NICE guidelines on care during labour (updated 2017) cover non-drug methods of pain relief such as use of water, massage and relaxation techniques. Drug options include inhalation pain-relief (Entonox), regional pain-relief (epidural/spinal) and intravenous or intramuscular opioids. NICE specifies that “pethidine, diamorphine or other opioids” are available in all birth settings, but the guideline doesn’t specify remifentanil.
Some local NHS hospital protocols cover criteria for use of patient-controlled remifentanil, mostly when pethidine or an epidural are unsuitable.
What are the implications?
This study indicates that the use of patient-controlled remifentanil has a place in the care of women in labour and its use may become more widespread across maternity units.
It was considered ethically inappropriate to administer double sham/placebo interventions (requiring inactive injections or infusions). This does raise the possibility that preconceptions around pethidine could have influenced epidural requests. However, the low rates of maternal or neonatal sedation or respiratory depression and decreased assisted delivery rate with remifentanil are promising objective findings.
Maternity services need to ensure that women understand the risks and benefits of different pain relief options. Potentially higher initial drug and equipment costs of PCA remifentanil need to be weighed against the costs of midwives’ and anaesthetists’ time and patients’ satisfaction.
Citation and Funding
Wilson M, MacArthur C, Hewitt CA, et al; RESPITE Trial Collaborative Group. Intravenous remifentanil patient-controlled analgesia versus intramuscular pethidine for pain relief in labour (RESPITE): an open-label, multicentre, randomised controlled trial. Lancet. 2018; 392(10148):662-72.

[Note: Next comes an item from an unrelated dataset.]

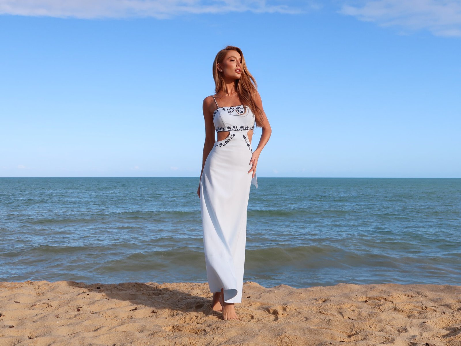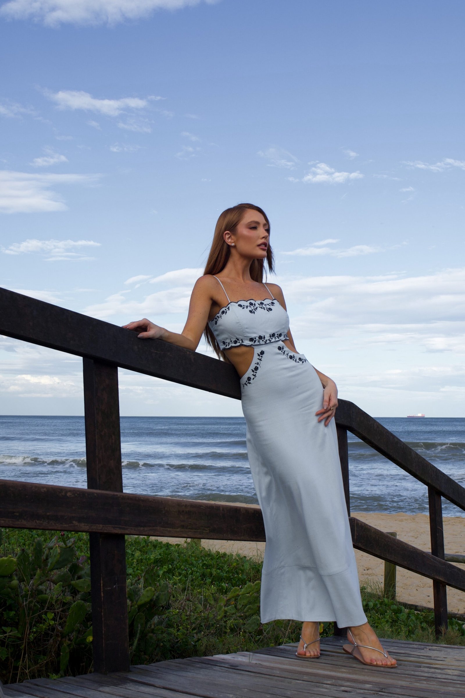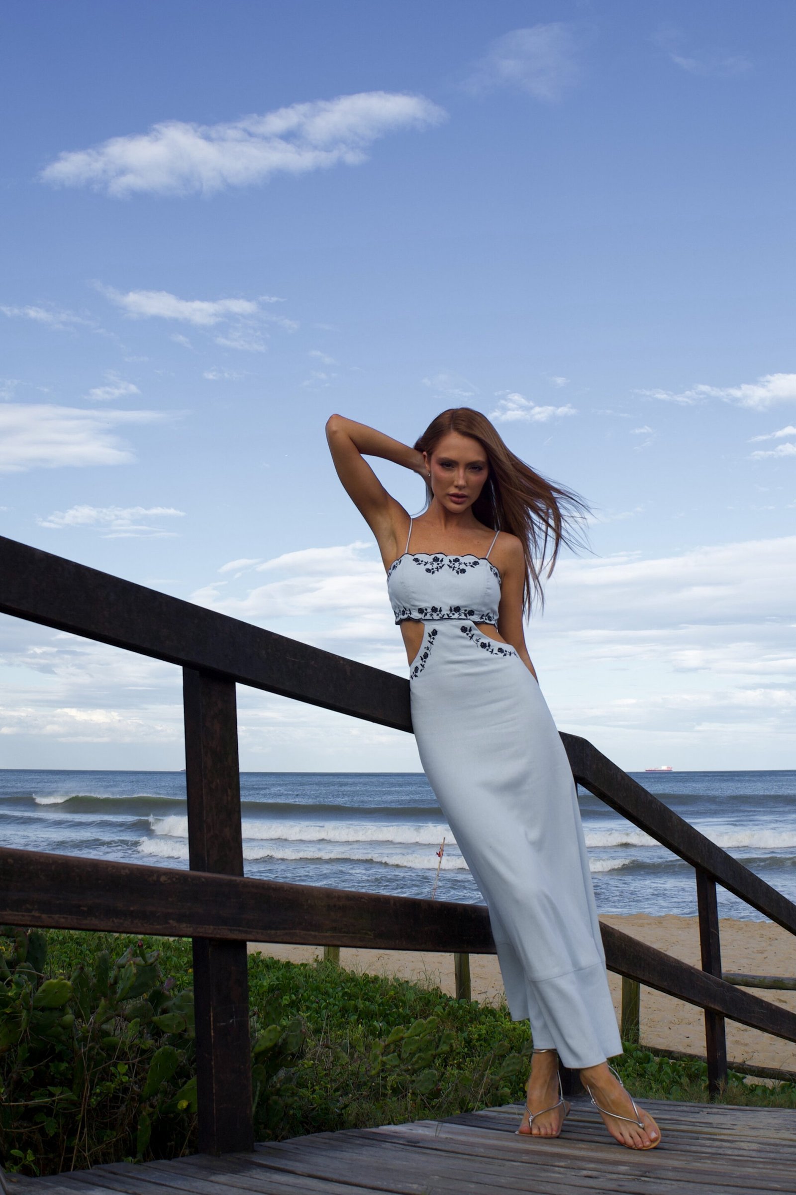 Vestido midi em off white, com alças finas, recortes laterais e bordados contrastantes que valorizam a silhueta. O viscolinho traz leveza e caimento fluido, alinhado à tendência resort chic e ao romantic summer, destaque no Verão 2026.

This project was independent research funded by the National Institute for Health Research (NIHR). The funder of the study had no role in study design, data collection, data analysis, data interpretation, or writing of the report.
Corfe, J. Management of remifentanil patient controlled analgesia for labour. Norwich: Norfolk and Norwich University Hospitals NHS Foundation Trust; 2017.

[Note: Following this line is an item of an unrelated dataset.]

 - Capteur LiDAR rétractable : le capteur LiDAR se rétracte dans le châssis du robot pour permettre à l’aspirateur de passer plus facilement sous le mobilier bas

Jackson G. Remifentanil PCA for labour guidelines (GL769). Reading: Royal Berkshire NHS Trust; 2017.
NICE. Intrapartum care for healthy women and babies. CG190. London: National Institute for Health and Care Excellence; 2014, updated 2017.
Weibel S, Jelting Y, Afshari A, et al. Patient-controlled analgesia with remifentanil versus alternative parenteral methods for pain management in labour. Cochrane Database Syst Rev. 2017;4:CD011989.